One factor could be last year’s weather. Spring bloomed early followed by a dry period, and some bees “couldn’t build up the honey storages to make it through the winter,” he said.
Dennis vanEngelsdorp, a University of Maryland bee researcher who led the nationwide winter loss survey of nearly 6,300 beekeepers, said researchers have yet to analyze data for individual states. Over the last six years, the average winter loss was 30.5 percent.
Besides the challenges of winter, bees face other foes, including mites and chemicals.
The national survey didn’t show evidence of colony collapse disorder, the mysterious, sudden loss of bees.
Edwin “Fritz” Gehring, a bee inspector for five area counties including Lucas, is still doing inspections, but so far he estimated that 30 to 40 percent of colonies were lost over the winter.
Regional beekeepers reported a wide range in losses.
Paul Marks, who lives near Ida in Monroe County, said he lost three of his four colonies. Two colonies ran out of food, he said, but he can’t explain why the other one didn’t survive.
Feeding his bees helped protect Dwight Wilson of Findlay; he lost about 15 percent of his colonies over the winter. The beekeeper usually has 150 to 200 colonies of honeybees.
Paulding County beekeeper Kevin Atkins of Cecil has a little more than 500 colonies. He’s built his bees back up after losing roughly 70 percent over the winter. The beekeeper blames himself for mite problems that contributed to his loss. Dealing with storm damage to his house delayed the application of a treatment he uses to deter mites. The drought also could have stressed the bees, he said.
Mr. Atkins said his small family business was able to provide honeybees to an apple grower whom he works with every year.

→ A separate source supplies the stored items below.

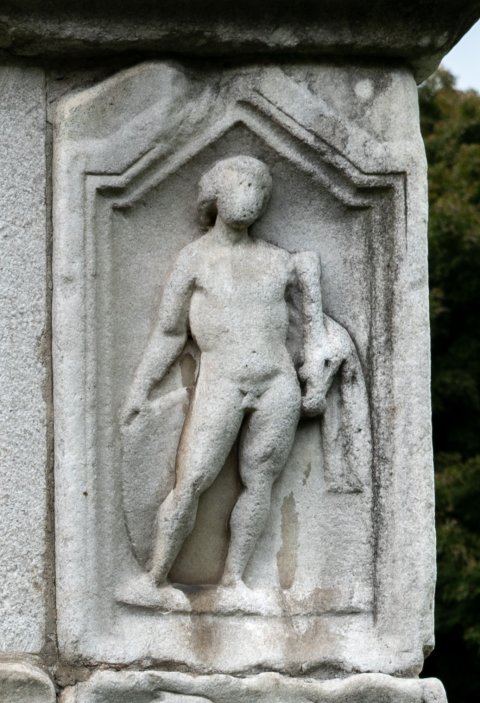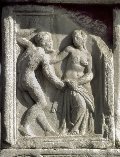 - Eckblock links von der Inschrift in der oberen Zone des Untergeschosses. Mythische Figur: Auf der Vorderseite profiliert gerahmtes Rechteckfeld, darin bärtiger Satyr, der einer Mänade das Gewand wegzieht. Auf der linken Nebenseite profiliert gerahmtes Bildfeld mit Giebel, darin auf niedrigem Podest stehender nackter Herakles (Hercules) mit Löwenfell über dem linken Arm, in dem er die Keule hält, rechte Hand auf einem Schild.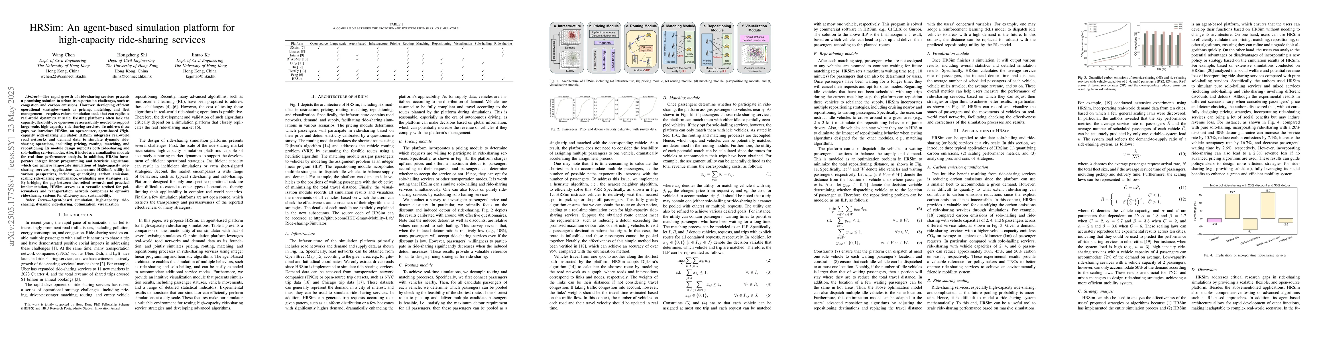 The main technical contribution is HRSim, an open-source, agent-based simulation platform capable of handling high-capacity ride-sharing services with real-world data integration and advanced algorithms.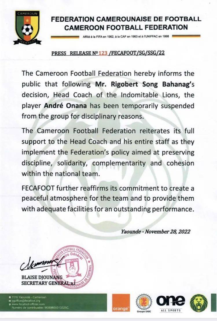 喀麦隆足协官方声明宣布奥纳纳禁赛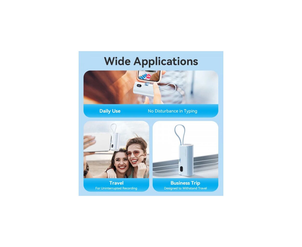 УМБ оснащена портом USB Type-С та двома кабелями – Lightning та USB Type-С. Вона підтримує одночасне заряджання декількох пристроїв.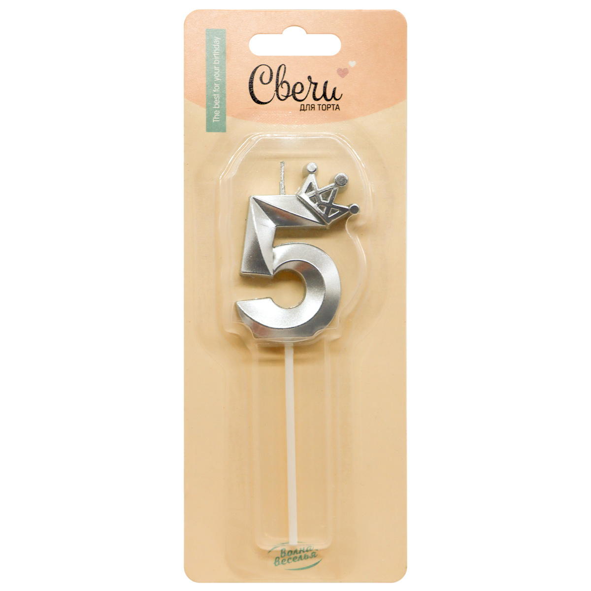 Свеча для торта Корона на шпажке цифра 5, Серебро, 6см, металлик за 95 ₽ - купить в Москве оптом и в розницу.

Winter bee losses haven’t had a significant impact so far on Ohio farmers and fruit growers, according to Brad Bergefurd, an OSU Extension horticulturist based in Piketon in southern Ohio.
Bees move in and out of a hive at the 577 Foundation in Perrysburg. Upcoming crops requiring bees include pumpkins and pickles.
He said farmers always scramble to gather hives for pollination season, but he hasn’t heard of any significant shortages or increases in the cost of renting hives to pollinate crops.
Upcoming crops requiring bees include pumpkins and pickles, which “take a lot of bees,” he said. “If there’s going to be any shortages,” he said, it could show up then.
At Johnston Fruit Farms in Swanton, finding a beekeeper willing to move hives into orchards at this time of year can be tough, said Martha Mora, whose parents started the farm more than 50 years ago.
The farm began purchasing bumblebees last year to help with pollination duties, she said.
“There used to be enough local bees and people willing to bring them over, but I think ... everybody knows that being a beekeeper and keeping bees is becoming more and more difficult,” she said.